Australian politician

Donald Walter Cooley (31 July 1918 – 18 May 2007) was an Australian politician. He was an Australian Labor Party member of the Western Australian Legislative Council from 1974 to 1980, representing North-East Metropolitan Province.

Cooley was born in Perth, Western Australia and was educated at Leederville Primary School and Perth Boys' School. He went to work at the Emu Brewery in 1940 before enlisting for service in World War II on 19 July 1942, serving in the 3rd Field Regiment and then the 6th Division fighting against the Japanese in Papua New Guinea.

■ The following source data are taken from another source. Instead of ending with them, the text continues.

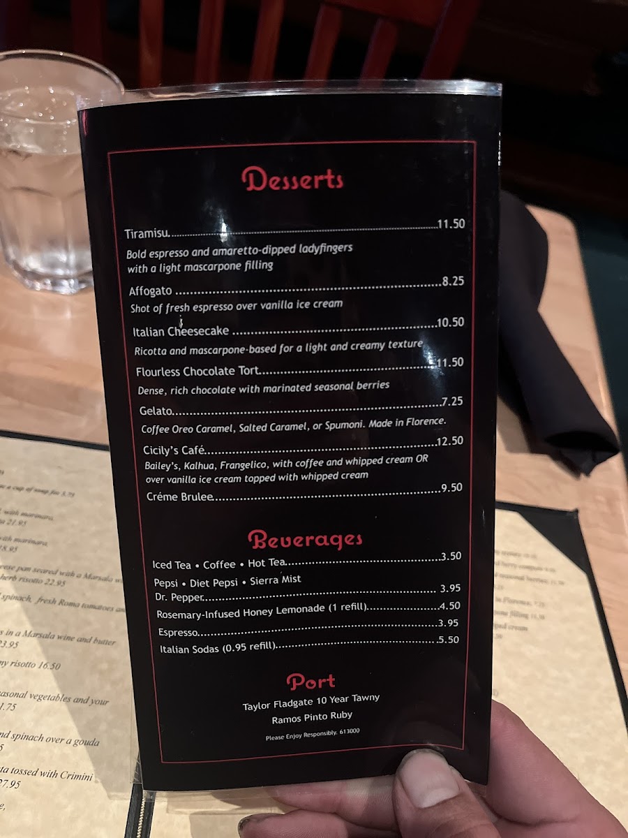Cicily's puts a significant emphasis on fresh ingredients and impeccable preparation, ensuring a consistently delightful experience. Patrons have noted the attentive service and the inviting outdoor patio as highlights of their dining experience. The warm interior lighting complements the cozy atmosphere, making it an ideal spot for any occasion. Whether you're indulging in their sumptuous calamari or ending with a fluffy tiramisu, Cicily's promises to impress and beckons for repeat visits.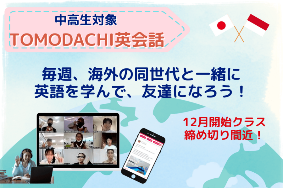 - 【残2枠:中高生募集12月〜】インドネシア生と文化交流を行い、英語力も鍛えよう!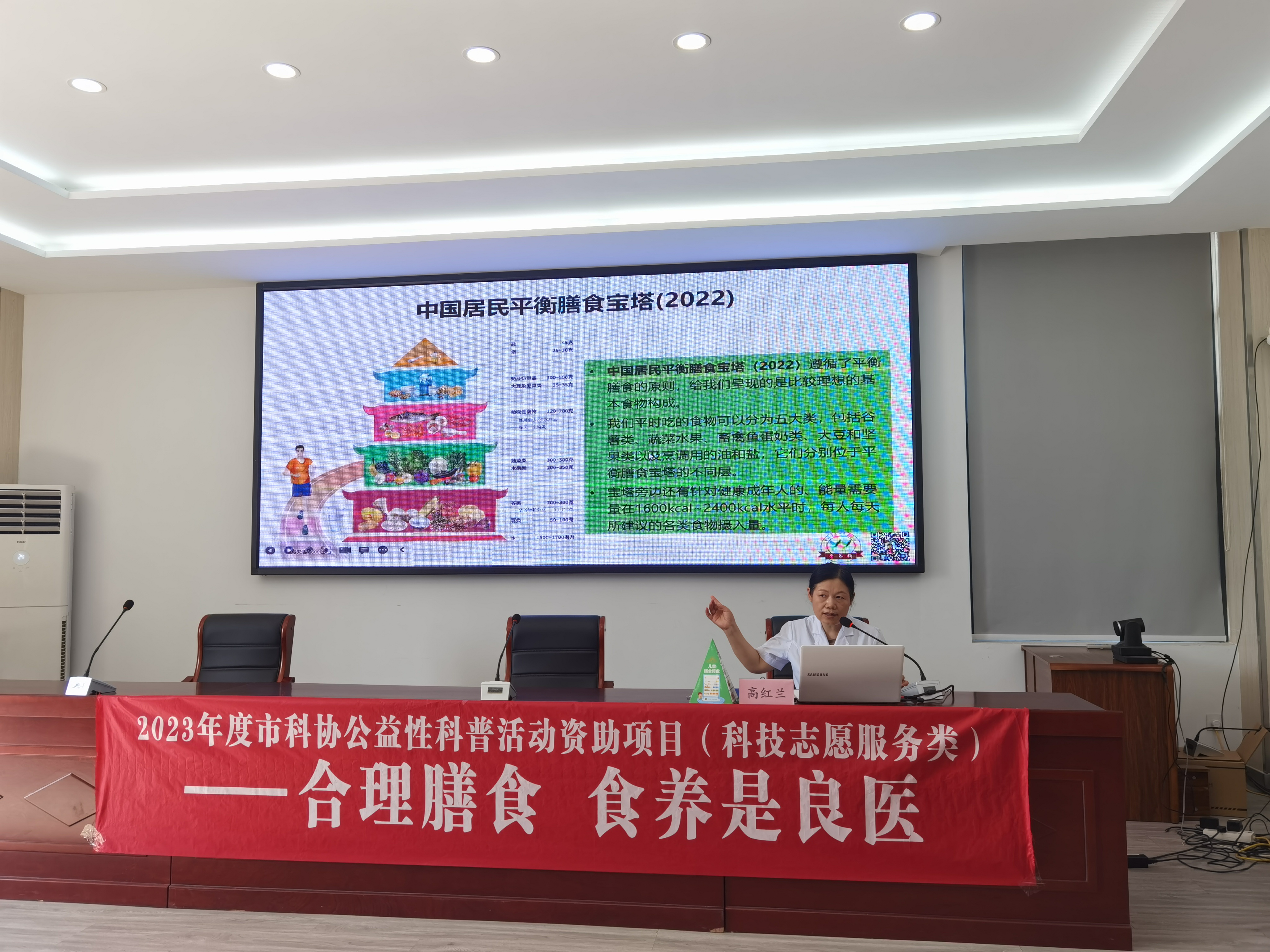 活动期间,高红兰受邀为新民村村民作《合理膳食,食养是良医》科普讲座,郭红霞受邀为佳富村村民作《吃动平衡 健康管理》科普讲座。两位专家分别以《中国居民平衡膳食宝塔》为基础,从健康人、慢性病人群和慢性病老年个体三个层次入手,将膳食宝塔中的数据日常化,并推出了成年人极简版每日食谱,帮助老年群体更快更好的利用宝塔掌握合理膳食的窍门。结合临床实例,针对老年人群“两个不够,四个太多”(蔬菜量不够、豆制品量不够、水果太多、动物性食物太多、主食精制米面太多和油盐太多)六大饮食常见问题提出了详细的解决方案,深入浅出,以生动活泼、通俗易懂的方式为大家答疑解惑,获得了村民的阵阵掌声。
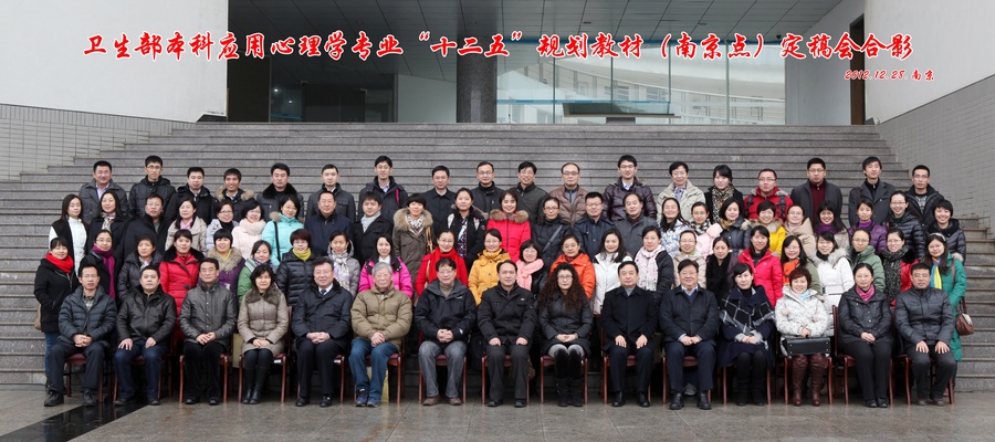 卫生部“十二五”规划教材暨全国高等学校第二轮应用心理学专业教材定稿会于2012年12月27-30日在我校召开。全国50余所高校的70位专家与人民卫生出版社的领导、编辑出席会议。本套教材共有25部,分别在长沙市、无锡市、南京市召开定稿会,心理学院有14位教师和一位在读博士生共15人参加了该套教材的编写。参加南京点定稿会的共有9本教材,即华东师范大学郭秀艳教授《实验心理学》;吉林医药学院罗正里教授《心理学实验指导》;南京师范大学郭本禹教授《西方心理学史》;上海海洋大学马莹教授《发展心理学》;南京师范大学乔建中教授《教育心理学》;哈尔滨医科大学杨艳杰教授《生理心理学》;潍坊医学院孙宏伟教授《心理健康教育学》。我校杜文东教授《心理学基础》;我校李荐中教授《性心理学》。

He was discharged from the military on 20 February 1946 and returned to working at the brewery. He was elected secretary of the Breweries & Bottleyards Employees Industrial Union of Workers WA in 1954 and served in that role until 1970. Cooley was also president of the Trades & Labor Council of Western Australia from 1965 to 1976, having been a trustee for the council and its predecessor since 1955; his tenure included a TLC "black ban" on the 1971 South African rugby tour.

Cooley was also a justice of the peace from 1968, a delegate to the International Labour Organization conference in 1969 and 1973, a member of the executive of the Australian Council of Trade Unions in 1971 and a member of the Western Australian Institute of Technology council from 1972 to 1974. A long-term member of the Labor Party, having joined in 1937, he was a delegate to the party's state executive from 1955 to 1976 and its senior vice-president in 1966. Cooley was also a keen sportsman, having played both football and cricket in his youth, and later serving as a first-class cricket umpire.

Cooley was elected to the Legislative Council at the 1974 state election. He was deputy chairman of committees and a member of the Standing Orders Committee from 1977 to 1980. He was responsible for an overnight filibuster of a controversial Emergency Services Bill proposed by the government of Charles Court. He retired at the conclusion of his six-year term in 1980.

After leaving parliament, Cooley retired to the coastal town of Augusta in 1980. In 1985, he published a book, Leading the Way: A History of the Breweries and Bottleyards Employees' Union 1910–1975. He was awarded the Medal of the Order of Australia Medal in the 1985 Australia Day Honours for his services to the union movement. He died at Augusta in 2007; he was cremated at Bunbury and his ashes scattered in Augusta.

Cooley married Elsie May Hodges on 18 January 1941; they had two sons and one daughter.